▶ Task prompt
All records are to be reproduced verbatim, with images omitted.

▶ Working data
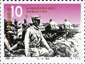 第二枚邮票为“七·七战火”,是1995年9月3日发行的《抗日战争暨世界反法西斯战争胜利五十周年》纪念邮票的首枚,长40毫米,宽30毫米,面值10分,定格了中国守军第29军在卢沟桥头严密布防、抗击侵略的历史场景。邮票上威严镇定的指挥员身边,几挺捷克ZB-26式轻机枪严阵以待,即将发出全民族抗战的怒吼。这款机枪于1926年在捷克斯洛伐克布尔诺国营兵工厂(英文简写ZB)批量生产,次年我国开始进口和仿制。全面抗战爆发前,该枪在我国已超过12万挺,抗战期间又仿制了近4万挺。它口径7.92毫米,用20发弹容弹匣供弹,结构简单,性能稳定,可单发、点射、连发,射击精度极高,有效射程在900米内。值得称道的是它的二三发点射,日寇被瞄准开火后往往都是身中数弹,当场毙命。该机枪更换枪管只需四五秒钟,是压制“歪把子”轻机枪的利器;其弹道极为稳定,易于训练掌握,被誉为中国步兵抗战的“完美武器”。只可惜数量太少,抗战中我军火力绝大多数情况仍处于劣势。
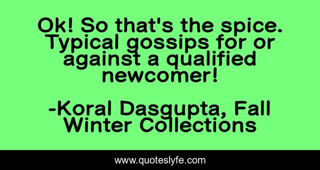This page presents the quote "Ok! So that's the spice. Typical gossips for or against a qualified newcomer!". Author of this quote is Koral Dasgupta, Fall Winter Collections. This quote is about artists-life, art, artist, romance, fictions, love-story,.
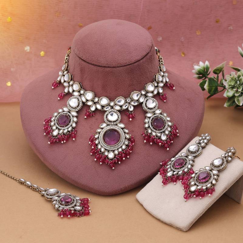 Rani color kundan necklace set
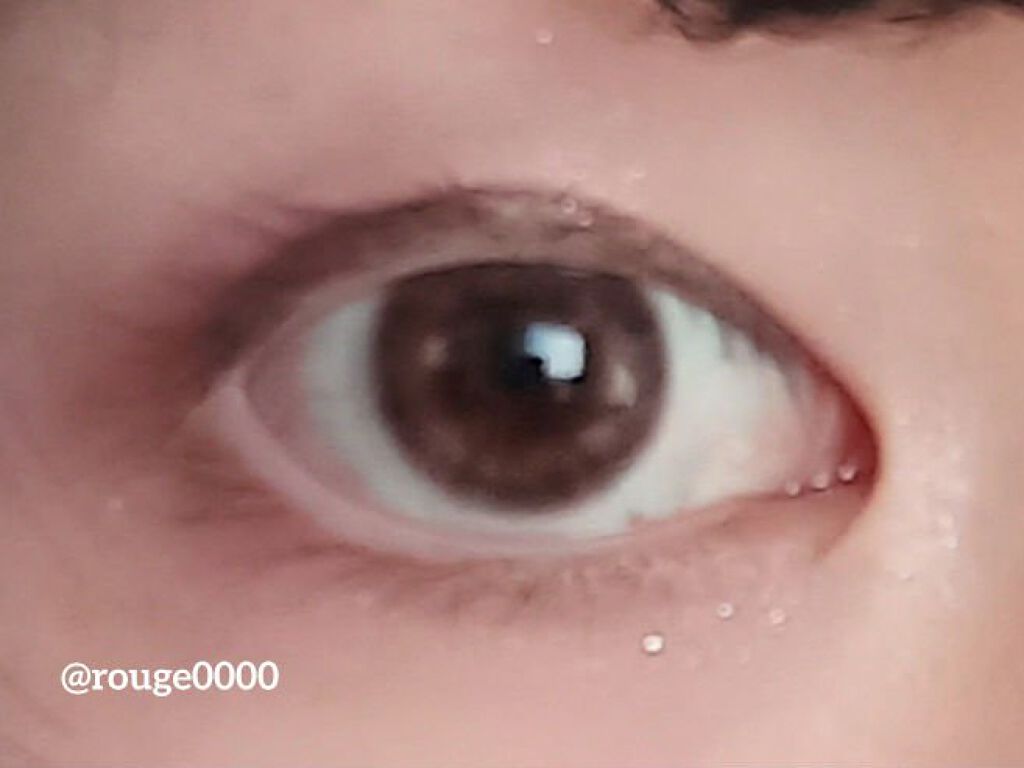 eyecloset1DAYMIZUAME着け心地〇発色◎黒目メイクしてる時の画像、室内灯アイクローゼットのシリーズと同じ着け心地、半日付けてても乾燥した感じがない発色がいい、派手よりのナチュラル遊ぶ時用って感じクリアベージュより着色直径が大き...
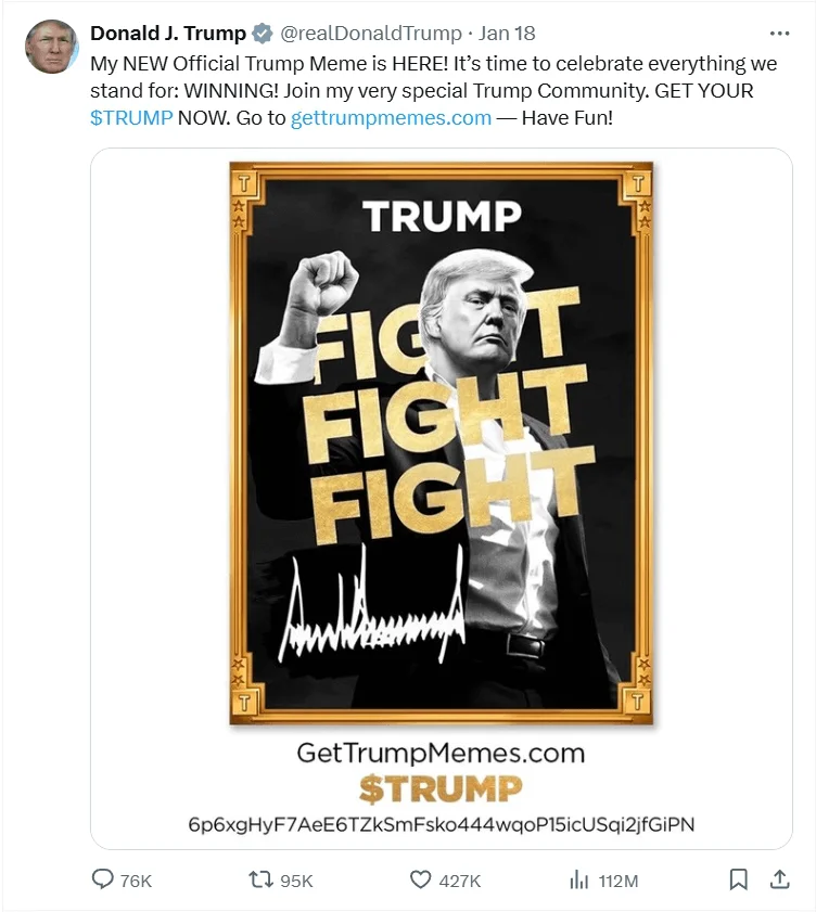 «Пришло время отпраздновать все, за что мы выступаем: ПОБЕДУ!» — написал политик и приложил ссылку на личный мемкоин. Логотипом монеты стало изображение самого Дональда Трампа, поднимающего кулак сразу после покушения 13 июля 2024 г.
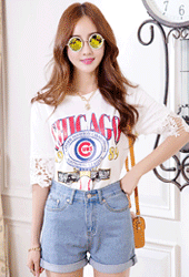 [당일발송]레트로 롤업 하이웨스트 숏 팬츠 [DN#250]
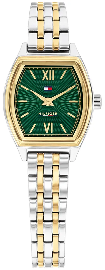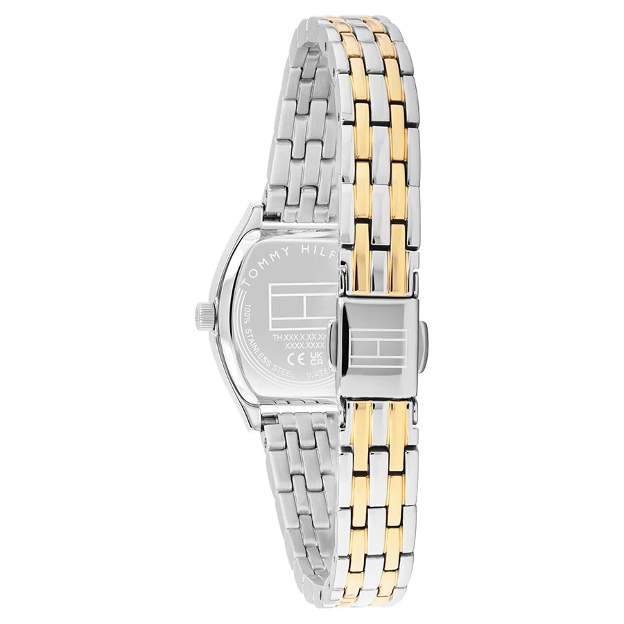 A TOMMY HILFIGER NORAH BTH17829073 karóra cseppálló, bicolor ( többszínű ) nemesacél tokkal, edzett kristályüveggel, bicolor ( többszínű ) acélcsattal, nyitáskönnyített csatközéppel készül. Az órát pontos quartz óraszerkezet működteti, mely elemmel működik (kb. 3 év az elem várható élettartama).
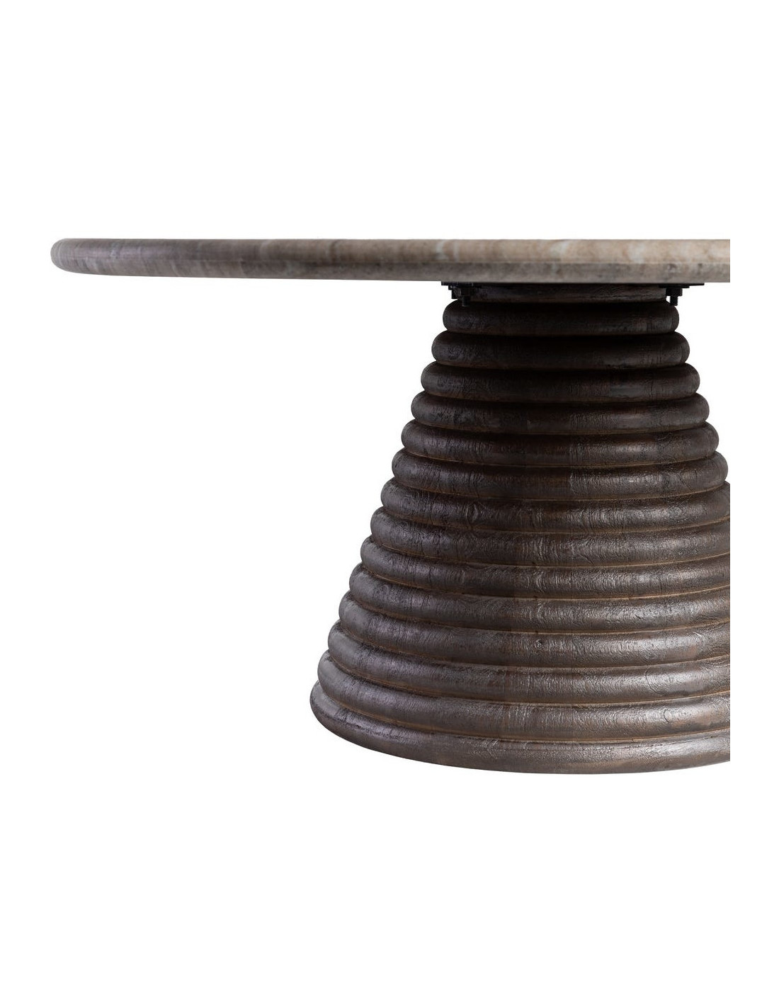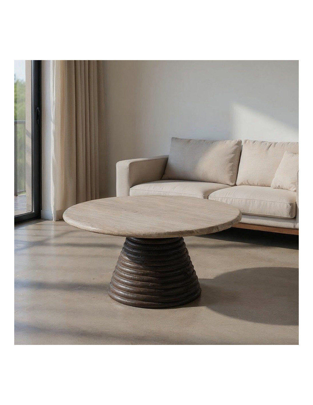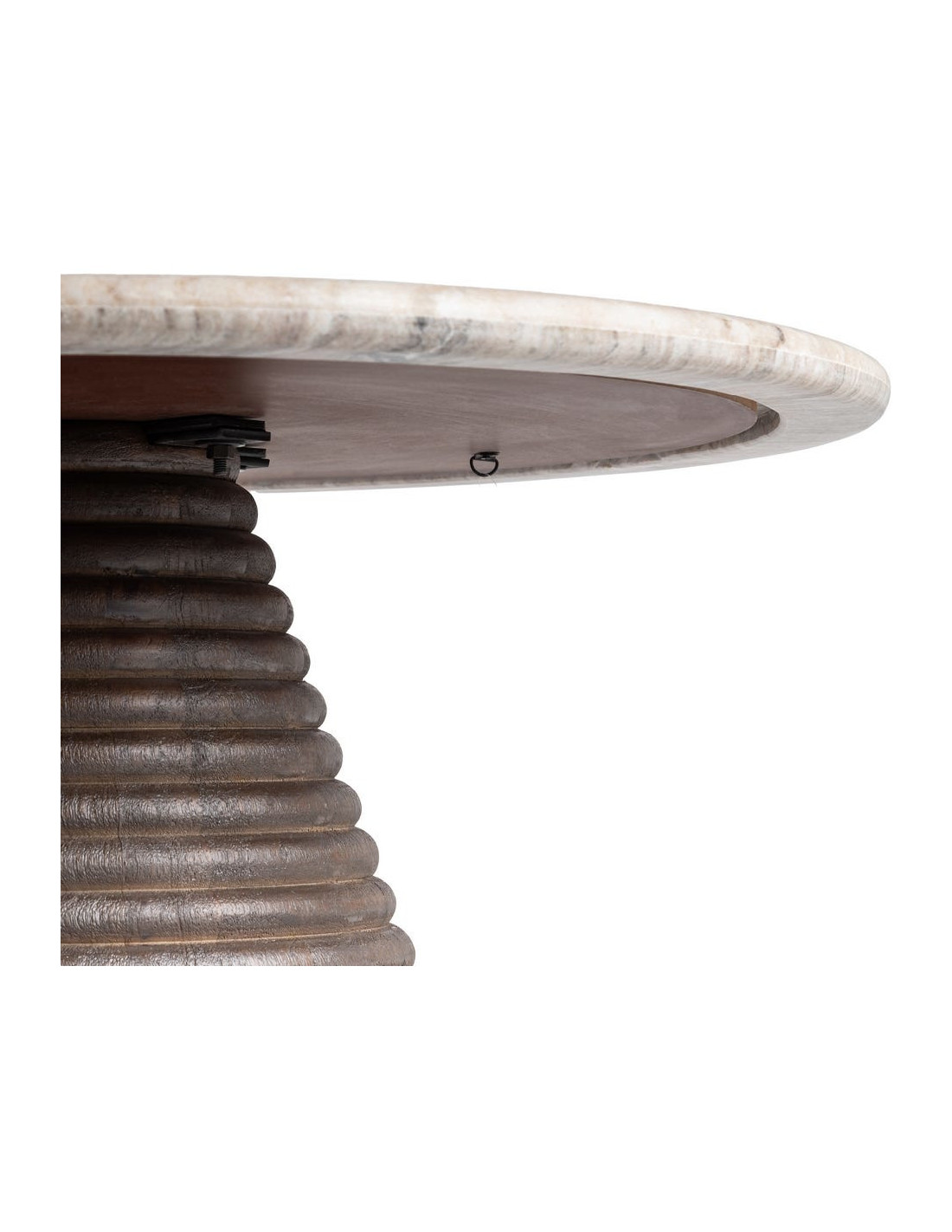 Grande Table basse moderne chic Ronde en Marbre Blanc Bois de manguier Marron Cieza - 2
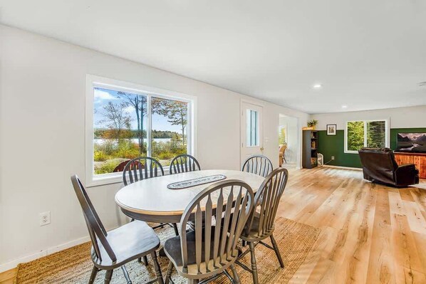 Our family booked this property fairly last minute for the busy summer months (1.5 month in advance) in order to visit Acadia National Park. The setting was peaceful, with its own private dock which we loved to spend time out on. The lake was clean, and quiet. It was great for stargazing, or listening for loons, which we were lucky enough to hear. The house description says it has 3 bedrooms, but the layout is such that it is really 2 bedrooms with doors, and the third is really the landing/foyer at the top of the stairs. Not a big deal, but worth noting. Also, the only bathroom is on the first floor, so if traveling with small children or anyone with mobility issues, it may be a consideration. These are not negative things, but something I always find helpful to read in reviews. The house was clean, with beautiful views. The AC was sufficient, and we used fans provided in the bedroom as well on the really hot days to circulate the window unit air from one bedroom to the others. It was about an hour drive into Bar Harbor, but we enjoyed pulling up to a quiet setting at the end of each day. All in all, I would not hesitate to stay here again.
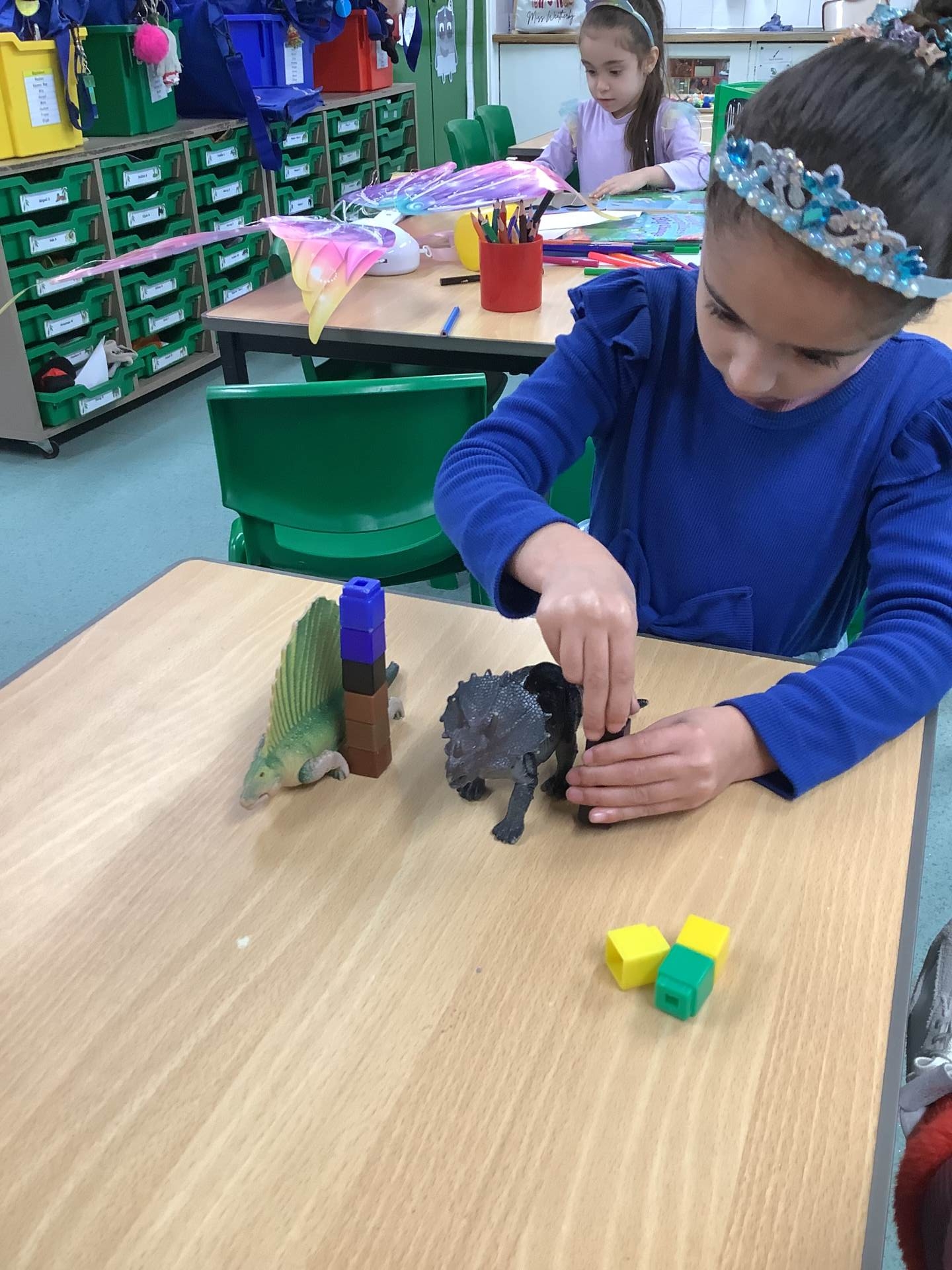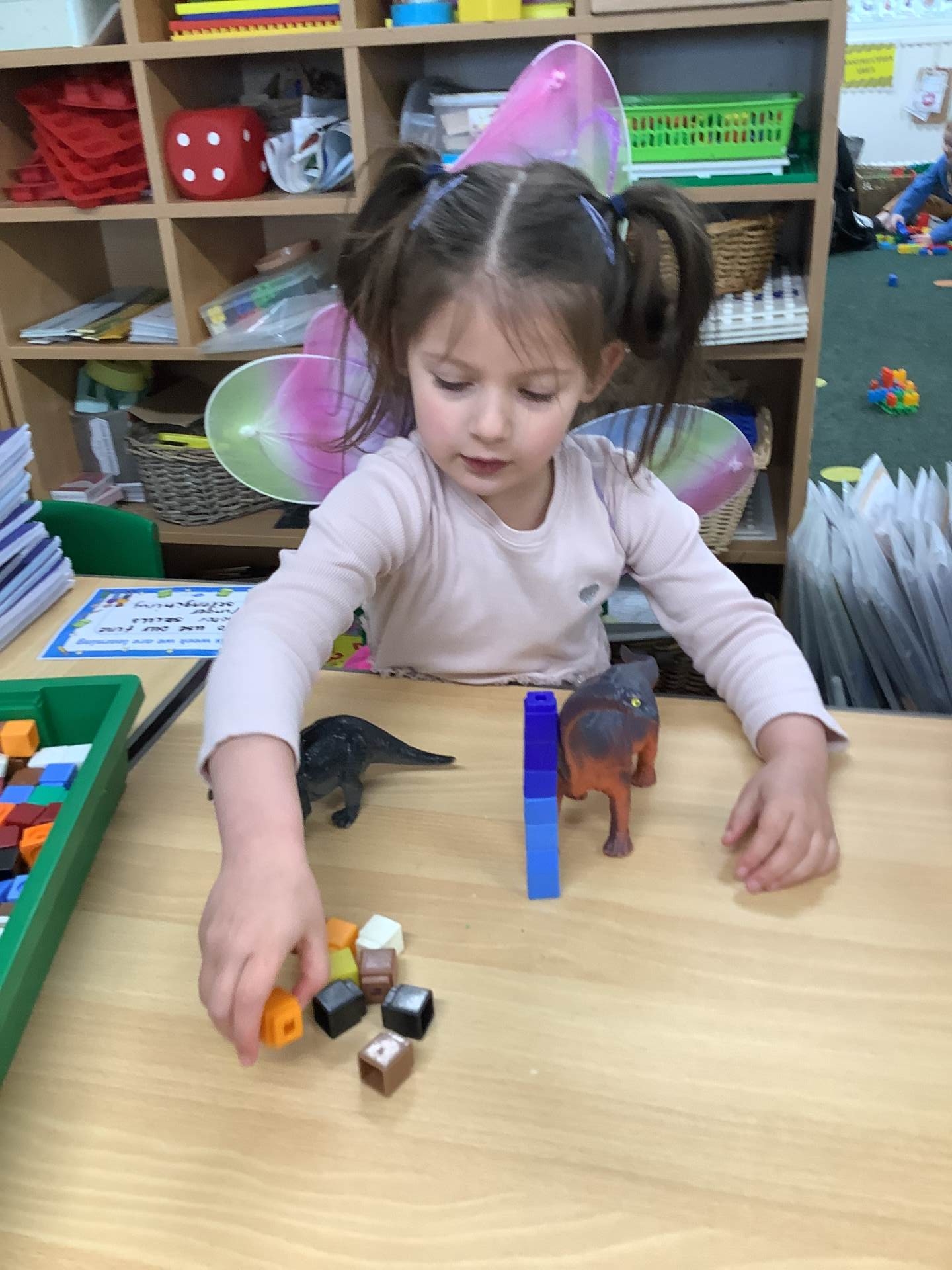 As part of our learning about Dinosaurs we enjoyed measuring them as a cross-curricular approach to our maths. We learnt the names of the dinosaurs and measured them with cubes. We used our mathematical language, such as taller than and shorter than, to describe them. Here we are measuring them.

▶ Written answer
 第二枚邮票为“七·七战火”,是1995年9月3日发行的《抗日战争暨世界反法西斯战争胜利五十周年》纪念邮票的首枚,长40毫米,宽30毫米,面值10分,定格了中国守军第29军在卢沟桥头严密布防、抗击侵略的历史场景。邮票上威严镇定的指挥员身边,几挺捷克ZB-26式轻机枪严阵以待,即将发出全民族抗战的怒吼。这款机枪于1926年在捷克斯洛伐克布尔诺国营兵工厂(英文简写ZB)批量生产,次年我国开始进口和仿制。全面抗战爆发前,该枪在我国已超过12万挺,抗战期间又仿制了近4万挺。它口径7.92毫米,用20发弹容弹匣供弹,结构简单,性能稳定,可单发、点射、连发,射击精度极高,有效射程在900米内。值得称道的是它的二三发点射,日寇被瞄准开火后往往都是身中数弹,当场毙命。该机枪更换枪管只需四五秒钟,是压制“歪把子”轻机枪的利器;其弹道极为稳定,易于训练掌握,被誉为中国步兵抗战的“完美武器”。只可惜数量太少,抗战中我军火力绝大多数情况仍处于劣势。
This page presents the quote "Ok! So that's the spice. Typical gossips for or against a qualified newcomer!". Author of this quote is Koral Dasgupta, Fall Winter Collections. This quote is about artists-life, art, artist, romance, fictions, love-story,.
 Rani color kundan necklace set
 eyecloset1DAYMIZUAME着け心地〇発色◎黒目メイクしてる時の画像、室内灯アイクローゼットのシリーズと同じ着け心地、半日付けてても乾燥した感じがない発色がいい、派手よりのナチュラル遊ぶ時用って感じクリアベージュより着色直径が大き...
 «Пришло время отпраздновать все, за что мы выступаем: ПОБЕДУ!» — написал политик и приложил ссылку на личный мемкоин. Логотипом монеты стало изображение самого Дональда Трампа, поднимающего кулак сразу после покушения 13 июля 2024 г.
 [당일발송]레트로 롤업 하이웨스트 숏 팬츠 [DN#250]
 A TOMMY HILFIGER NORAH BTH17829073 karóra cseppálló, bicolor ( többszínű ) nemesacél tokkal, edzett kristályüveggel, bicolor ( többszínű ) acélcsattal, nyitáskönnyített csatközéppel készül. Az órát pontos quartz óraszerkezet működteti, mely elemmel működik (kb. 3 év az elem várható élettartama).
 Grande Table basse moderne chic Ronde en Marbre Blanc Bois de manguier Marron Cieza - 2
 Our family booked this property fairly last minute for the busy summer months (1.5 month in advance) in order to visit Acadia National Park. The setting was peaceful, with its own private dock which we loved to spend time out on. The lake was clean, and quiet. It was great for stargazing, or listening for loons, which we were lucky enough to hear. The house description says it has 3 bedrooms, but the layout is such that it is really 2 bedrooms with doors, and the third is really the landing/foyer at the top of the stairs. Not a big deal, but worth noting. Also, the only bathroom is on the first floor, so if traveling with small children or anyone with mobility issues, it may be a consideration. These are not negative things, but something I always find helpful to read in reviews. The house was clean, with beautiful views. The AC was sufficient, and we used fans provided in the bedroom as well on the really hot days to circulate the window unit air from one bedroom to the others. It was about an hour drive into Bar Harbor, but we enjoyed pulling up to a quiet setting at the end of each day. All in all, I would not hesitate to stay here again.
 As part of our learning about Dinosaurs we enjoyed measuring them as a cross-curricular approach to our maths. We learnt the names of the dinosaurs and measured them with cubes. We used our mathematical language, such as taller than and shorter than, to describe them. Here we are measuring them.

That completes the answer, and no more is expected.